[Excerpts from a dataset]
--- START ---

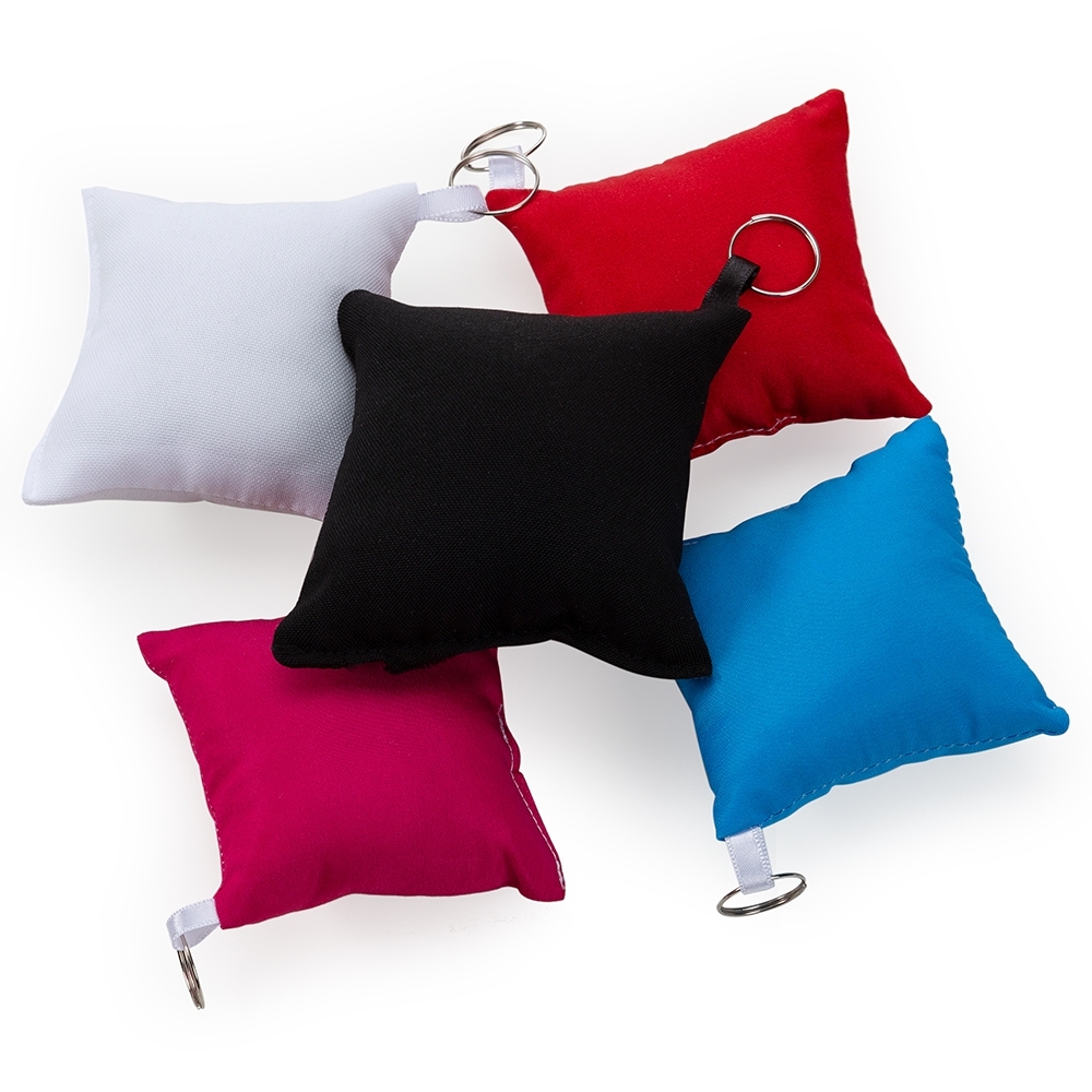 Descrição: Chaveiro almofada confeccionado em tecido de microfibra, enchimento de espuma de silicone com alça de cetim e argola (para chaves).
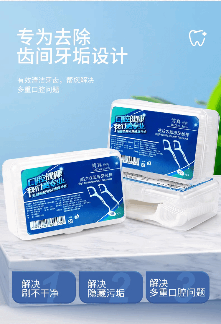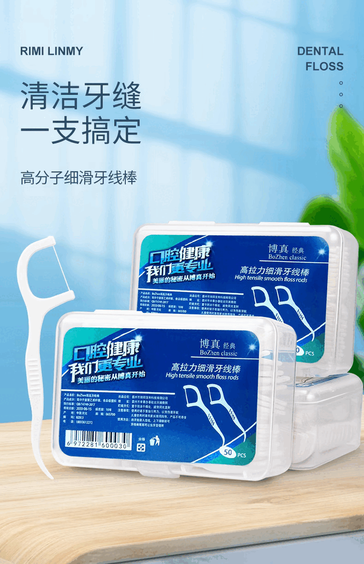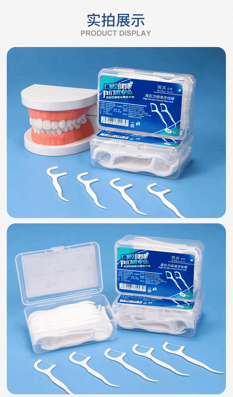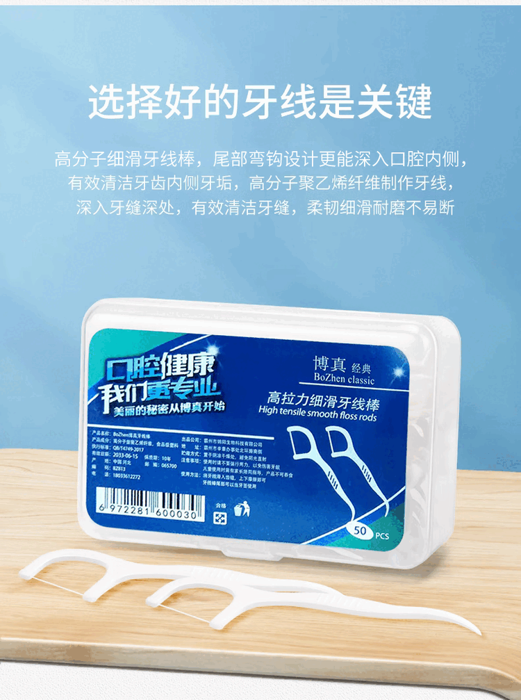 博真(BOZhen)牙线棒洁齿牙线超细一次性牙签不卡牙清洁齿缝剔牙圆线家庭装便携 牙线棒50只*10盒
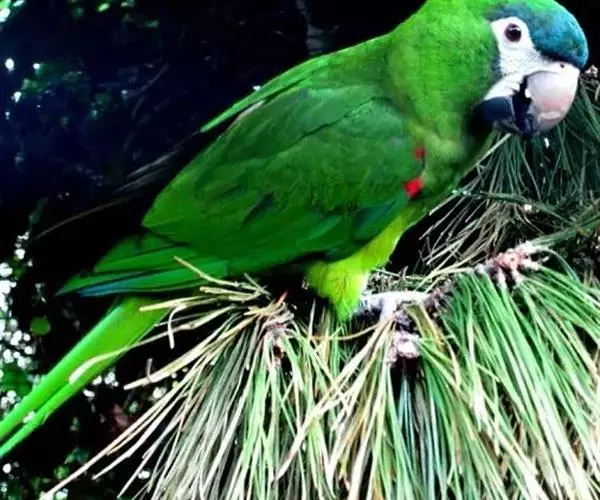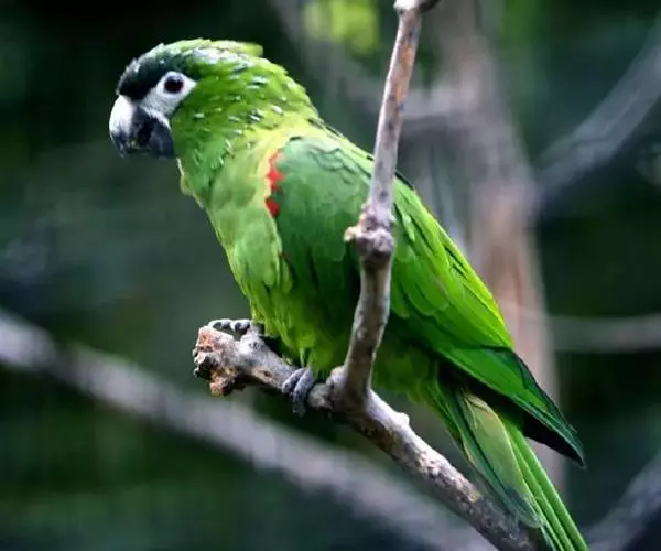 红肩金刚鹦鹉体长30-34厘米,体重130-170克。鸟体为绿色,停栖落时看起来全部是绿色,翼下覆羽为红色。面部有裸皮是所有金刚鹦鹉的特点,通常为白色。雄鸟的头比雌鸟大而圆。鸟喙呈黑色,另一种贵族品种的喙为褐色,只有尖端为黑色。幼鸟羽色比成鸟暗淡,头部有少许蓝羽毛,有些雏鸟长成时翅上有一点点红羽毛。平均寿命20年。红肩金刚鹦鹉是所有的金刚鹦鹉中体型最小的,可爱的模样非常讨人喜爱。 [1-2]
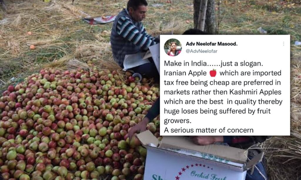 Terming it a “serious matter of concern,” Adv Neelofar Masood, who is a well-known news TV panellist as NC Leader and president of Women’s wing NC for Baramulla district, tweeted on Monday and said, “Make in India……just a slogan. Iranian Apple 🍎 which are imported tax free being cheap are preferred in markets rather then Kashmiri Apples which are the best in quality thereby huge loses being suffered by fruit growers. A serious matter of concern.”
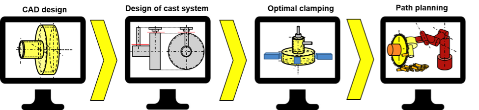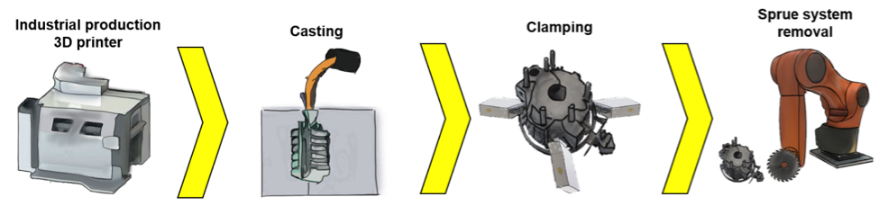 Zuerst wird der digitale Entwurf des Gussstücks und danach die Sandgussform für den Rohling mit einem 3D-Sandformdrucker erstellt. Der Mitarbeiter startet nach dem Giessen den Entgratungsprozess auf Basis der Daten, welche mit Hilfe des digitalen Zwillings berechnet wurden. Während dieses Prozesses werden die kleinen Positionsfehler aufgezeichnet und in situ kompensiert. Das Angusssystem wird anschliessend robotergestützt vom Gussstück abgetrennt und entfernt, der Rohling steht für die weitere Verwendung bereit.

--- END ---

**TASK TO COMPLETE:**
Copy exactly, and copy nothing else: the lines from the start of the data above through the line that holds "红肩金刚鹦鹉体长30-34厘". The pictures stay out.

**ANSWER:**
 Descrição: Chaveiro almofada confeccionado em tecido de microfibra, enchimento de espuma de silicone com alça de cetim e argola (para chaves).
 博真(BOZhen)牙线棒洁齿牙线超细一次性牙签不卡牙清洁齿缝剔牙圆线家庭装便携 牙线棒50只*10盒
 红肩金刚鹦鹉体长30-34厘米,体重130-170克。鸟体为绿色,停栖落时看起来全部是绿色,翼下覆羽为红色。面部有裸皮是所有金刚鹦鹉的特点,通常为白色。雄鸟的头比雌鸟大而圆。鸟喙呈黑色,另一种贵族品种的喙为褐色,只有尖端为黑色。幼鸟羽色比成鸟暗淡,头部有少许蓝羽毛,有些雏鸟长成时翅上有一点点红羽毛。平均寿命20年。红肩金刚鹦鹉是所有的金刚鹦鹉中体型最小的,可爱的模样非常讨人喜爱。 [1-2]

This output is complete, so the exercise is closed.